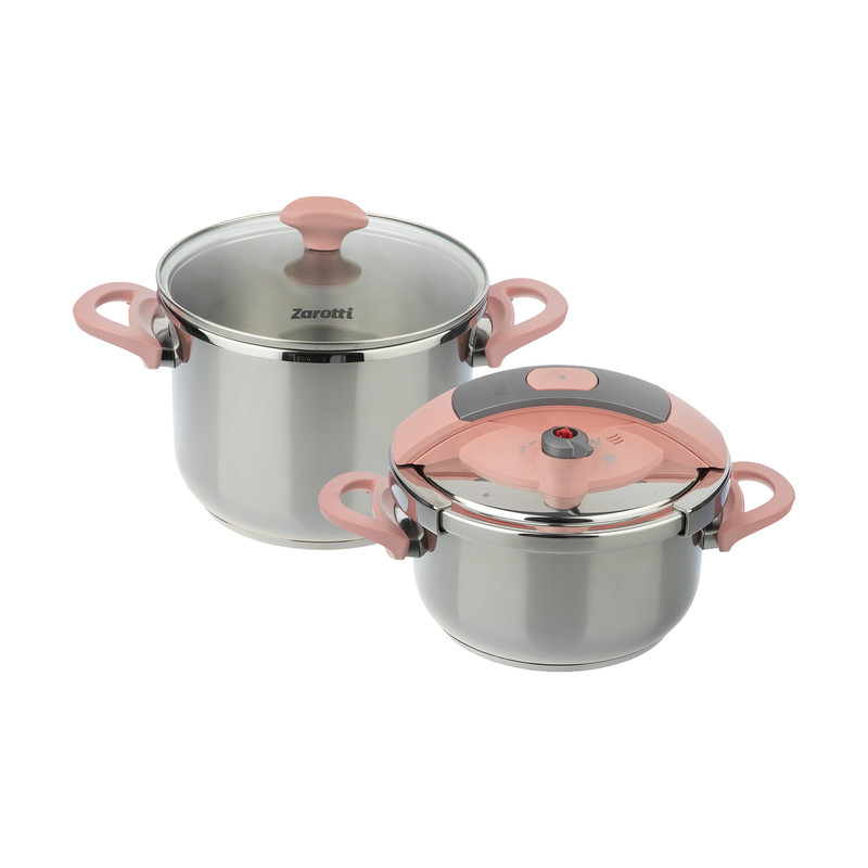 ست دوقلوی این محصول با ظرفیت 6 و 4 لیتری امکان پخت همزمان دو نوع غذا توسط زودپز و قابلمه در یک زمان را فراهم می کند . هنگامیکه فرصت اندکی برای آماده سازی غذا دارید این زودپز از طریق بدنه استیل و درب فولاد ضد زنگ با کیفیت 18/10 و کیفیت استاندارد 304 استیل، با حرارتی یکنواخت در تمام قسمتها سریعترین غذا را با حفظ ارزشهای غذایی در اختیار شما قرار میدهد. جنس دستگیرهها از نوع باکالیت طراحی شده که در مقابل حرارت مقاوم هستند تا در زمان پخت آسیبی به آنها وارد نشود. درب این زودپز با فشار یک دست به راحتی باز و بسته میشود و کار کردن با آن بسیار راحت است. کف کالا ازجنس فولاد ضد زنگ و آلومینیوم می باشد و به دلیل قابلیت کپسولی بودن این مزیت را دارد که حرارت را به طور یک نواخت به تمام قسمت ها برساند .
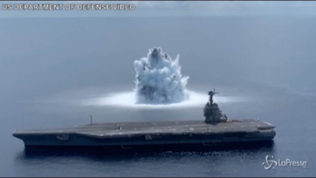 (LaPresse) La portaerei Gerald R. Ford dell’esercito americano viene messa alla prova con un’enorme esplosione. Il dipartimento della Difesa Usa ha pubblicato il video del test eseguito nell’Oceano Atlantico venerdì scorso. L’onda d’urto è potentissima e ha riprodotto le condizioni in cui la nave da guerra potrebbe potenzialmente trovarsi durante una battaglia.
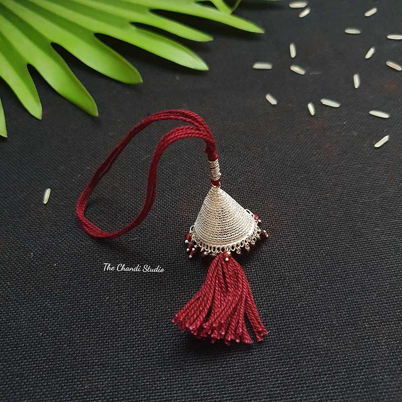 Sterling Silver Lumba Rakhi (Mehroon)
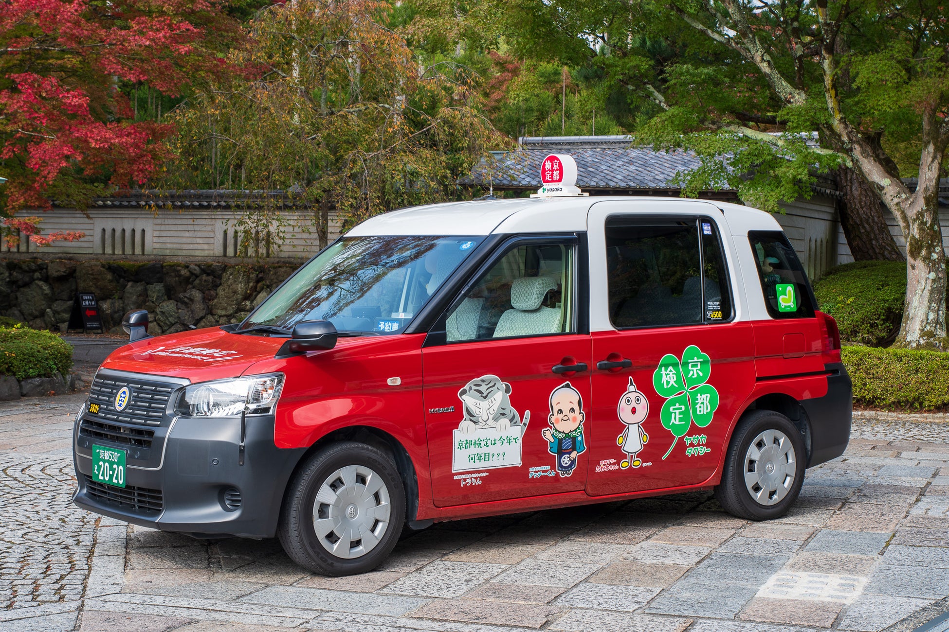 京都検定20周年を記念して、同検定にゆかりのあるキャラクターを車体に登場させた、京都市域ヤサカタクシー1,200台のうち1台のみの特別仕様車です。イベント当日は会場前に展示し、多くのみなさんに間近で見て触れていただける予定です。
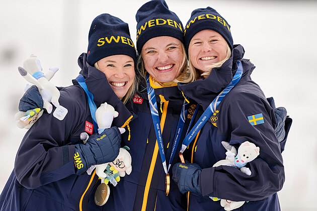 Švédky (zleva) stříbrná Jonna Sundlingová, zlatá Linn Svahnová a bronzová Maja Dahlqvistová se radují ze svých medailí ze sprintu klasickou technikou.
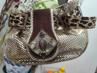 Bolso de mano con un diseño único y llamativo. - Acabado con lentejuelas doradas. - Detalles en estampado de leopardo. - Adorno central con piedras. - Cierre con hebilla. Muy estilo bratz, lo he usado una vez. A estrenarrr
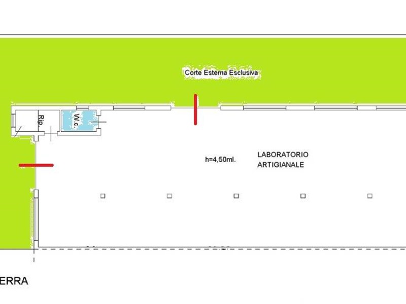 composto da locali produttivi al piano terra di 280 mq. e appartamento con 2 camere da letto al primo piano di 90 mq.
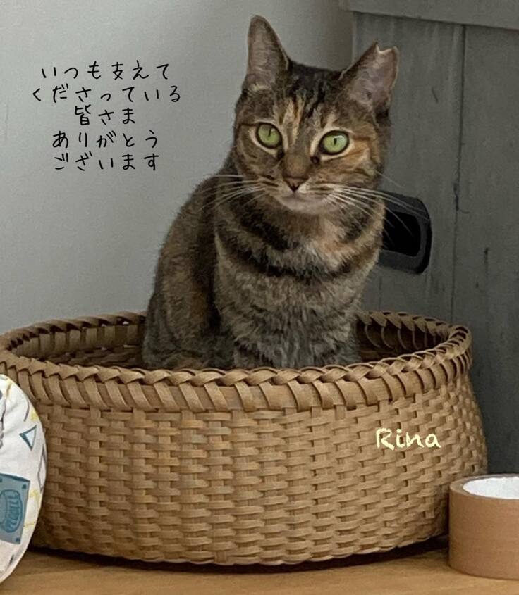最初の写真は、猫たちのために同じように頑張っておられるお隣の市のボランティアさんが編んでくださったカゴに入るリーナです。
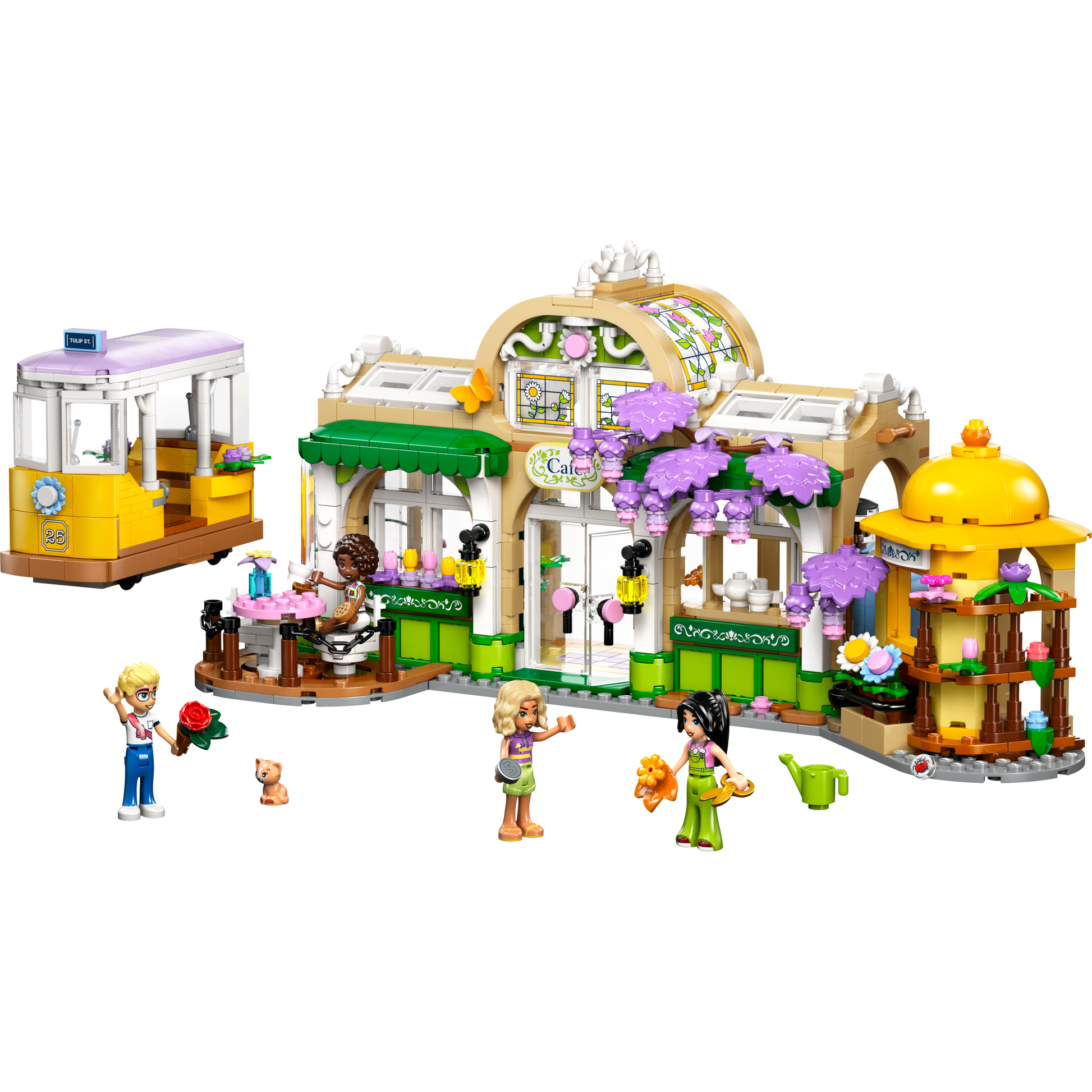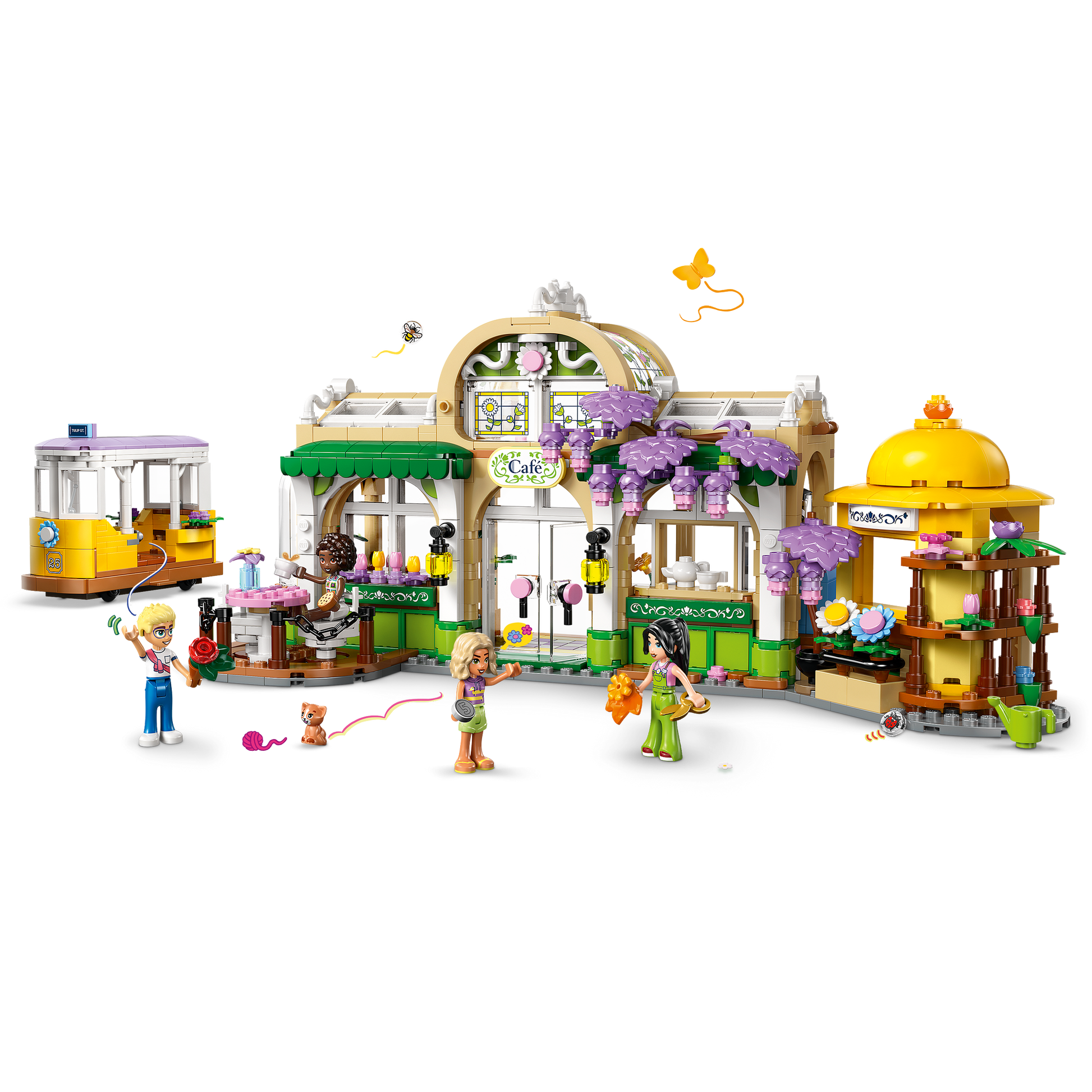 Pretend-play set for creative role play – This detailed LEGO® set includes different areas to inspire friendship stories, including a flower shop, café with outdoor seating, a kitchen and a tram.

What this task involves:
Leaving the pictures out, write out all the material above exactly.

Answer to the problem:
 ست دوقلوی این محصول با ظرفیت 6 و 4 لیتری امکان پخت همزمان دو نوع غذا توسط زودپز و قابلمه در یک زمان را فراهم می کند . هنگامیکه فرصت اندکی برای آماده سازی غذا دارید این زودپز از طریق بدنه استیل و درب فولاد ضد زنگ با کیفیت 18/10 و کیفیت استاندارد 304 استیل، با حرارتی یکنواخت در تمام قسمتها سریعترین غذا را با حفظ ارزشهای غذایی در اختیار شما قرار میدهد. جنس دستگیرهها از نوع باکالیت طراحی شده که در مقابل حرارت مقاوم هستند تا در زمان پخت آسیبی به آنها وارد نشود. درب این زودپز با فشار یک دست به راحتی باز و بسته میشود و کار کردن با آن بسیار راحت است. کف کالا ازجنس فولاد ضد زنگ و آلومینیوم می باشد و به دلیل قابلیت کپسولی بودن این مزیت را دارد که حرارت را به طور یک نواخت به تمام قسمت ها برساند .
 (LaPresse) La portaerei Gerald R. Ford dell’esercito americano viene messa alla prova con un’enorme esplosione. Il dipartimento della Difesa Usa ha pubblicato il video del test eseguito nell’Oceano Atlantico venerdì scorso. L’onda d’urto è potentissima e ha riprodotto le condizioni in cui la nave da guerra potrebbe potenzialmente trovarsi durante una battaglia.
 Sterling Silver Lumba Rakhi (Mehroon)
 京都検定20周年を記念して、同検定にゆかりのあるキャラクターを車体に登場させた、京都市域ヤサカタクシー1,200台のうち1台のみの特別仕様車です。イベント当日は会場前に展示し、多くのみなさんに間近で見て触れていただける予定です。
 Švédky (zleva) stříbrná Jonna Sundlingová, zlatá Linn Svahnová a bronzová Maja Dahlqvistová se radují ze svých medailí ze sprintu klasickou technikou.
 Bolso de mano con un diseño único y llamativo. - Acabado con lentejuelas doradas. - Detalles en estampado de leopardo. - Adorno central con piedras. - Cierre con hebilla. Muy estilo bratz, lo he usado una vez. A estrenarrr
 composto da locali produttivi al piano terra di 280 mq. e appartamento con 2 camere da letto al primo piano di 90 mq.
最初の写真は、猫たちのために同じように頑張っておられるお隣の市のボランティアさんが編んでくださったカゴに入るリーナです。
 Pretend-play set for creative role play – This detailed LEGO® set includes different areas to inspire friendship stories, including a flower shop, café with outdoor seating, a kitchen and a tram.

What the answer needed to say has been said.